* _Instructions for the task_
Set the images aside and retype the whole listing exactly.

------------------------------------------------------------------------

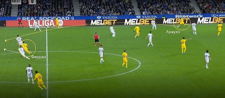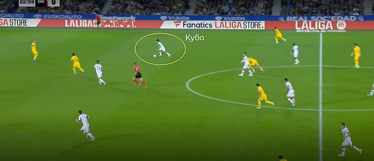 Кубо поднимался к Ойарсабалю, образуя пару в первой линии. Дальше была тройка Барренечеа-Мерино-Браис Мендес. Дальше этот блок смещался в зависимости от положения мяча.
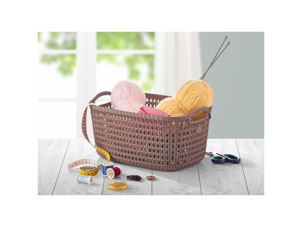 A kötött mintás tároló kosár stílusos és praktikus kiegészítője minden otthonnak. Könnyű, mégis erős anyagból készült, amely hosszú élettartamot garantál. Modern kötött mintás felülete dekoratív megjelenést kölcsönöz, így nemcsak tárolásra, hanem díszítőelemnek is kiváló. A két erős fülnek köszönhetően kényelmesen mozgatható, legyen szó gyerekszobáról, fürdőről vagy nappaliról. Sokoldalúan használható: játékok, textíliák, fonalak, kézimunka eszközök, vagy akár konyhai alapanyagok rendszerezésére is alkalmas. Többféle színben elérhető, így mindenki megtalálhatja a lakásához illőt.
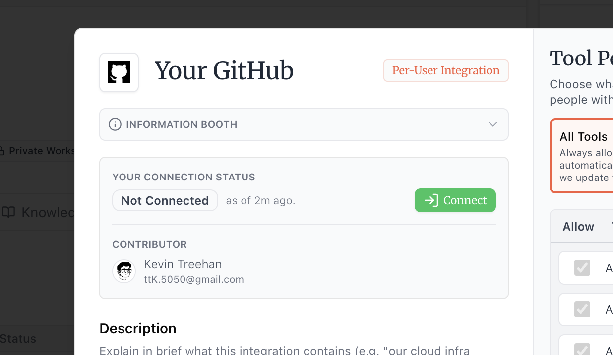 Workspace owners can add integrations from the workspace settings page. After selecting an integration and choosing global or per-user, you’ll configure which tools to expose and authenticate via OAuth.Tool Permissions
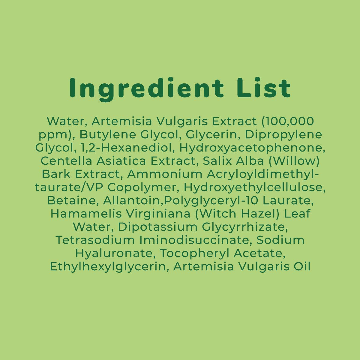 - 💚 ARTEMISIA VULGARIS EXTRACT to calm redness and irritation. Artemisia is known for helping soothe irritation and protect the skin cells from sun damage. Great for all skin types and for when you're skin needs a soothing treat.
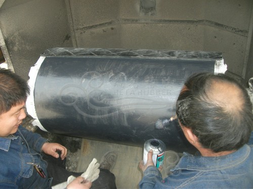 以下是瑞塔為混凝土攪拌站提供的現(xiàn)場滾筒包膠服務(wù),滾筒位于離地面3米位置,滾筒直徑1.15米,之前滾筒包膠先需租用吊車將其吊卸下來,然后拉到廠區(qū)經(jīng)行熱硫化包膠,其使用壽命較不超過1年,而且每次更換維護(hù)成本較高,瑞塔橡膠這次為客戶提供提供現(xiàn)場包膠服務(wù),質(zhì)保2年,無需拆卸,包膠總計花費6小時,即包即用大大降低客戶的停機(jī)維護(hù)時間,很好的為客戶解決問題。

------------------------------------------------------------------------

* _Exercise response_
 Кубо поднимался к Ойарсабалю, образуя пару в первой линии. Дальше была тройка Барренечеа-Мерино-Браис Мендес. Дальше этот блок смещался в зависимости от положения мяча.
 A kötött mintás tároló kosár stílusos és praktikus kiegészítője minden otthonnak. Könnyű, mégis erős anyagból készült, amely hosszú élettartamot garantál. Modern kötött mintás felülete dekoratív megjelenést kölcsönöz, így nemcsak tárolásra, hanem díszítőelemnek is kiváló. A két erős fülnek köszönhetően kényelmesen mozgatható, legyen szó gyerekszobáról, fürdőről vagy nappaliról. Sokoldalúan használható: játékok, textíliák, fonalak, kézimunka eszközök, vagy akár konyhai alapanyagok rendszerezésére is alkalmas. Többféle színben elérhető, így mindenki megtalálhatja a lakásához illőt.
 Workspace owners can add integrations from the workspace settings page. After selecting an integration and choosing global or per-user, you’ll configure which tools to expose and authenticate via OAuth.Tool Permissions
 - 💚 ARTEMISIA VULGARIS EXTRACT to calm redness and irritation. Artemisia is known for helping soothe irritation and protect the skin cells from sun damage. Great for all skin types and for when you're skin needs a soothing treat.
 以下是瑞塔為混凝土攪拌站提供的現(xiàn)場滾筒包膠服務(wù),滾筒位于離地面3米位置,滾筒直徑1.15米,之前滾筒包膠先需租用吊車將其吊卸下來,然后拉到廠區(qū)經(jīng)行熱硫化包膠,其使用壽命較不超過1年,而且每次更換維護(hù)成本較高,瑞塔橡膠這次為客戶提供提供現(xiàn)場包膠服務(wù),質(zhì)保2年,無需拆卸,包膠總計花費6小時,即包即用大大降低客戶的停機(jī)維護(hù)時間,很好的為客戶解決問題。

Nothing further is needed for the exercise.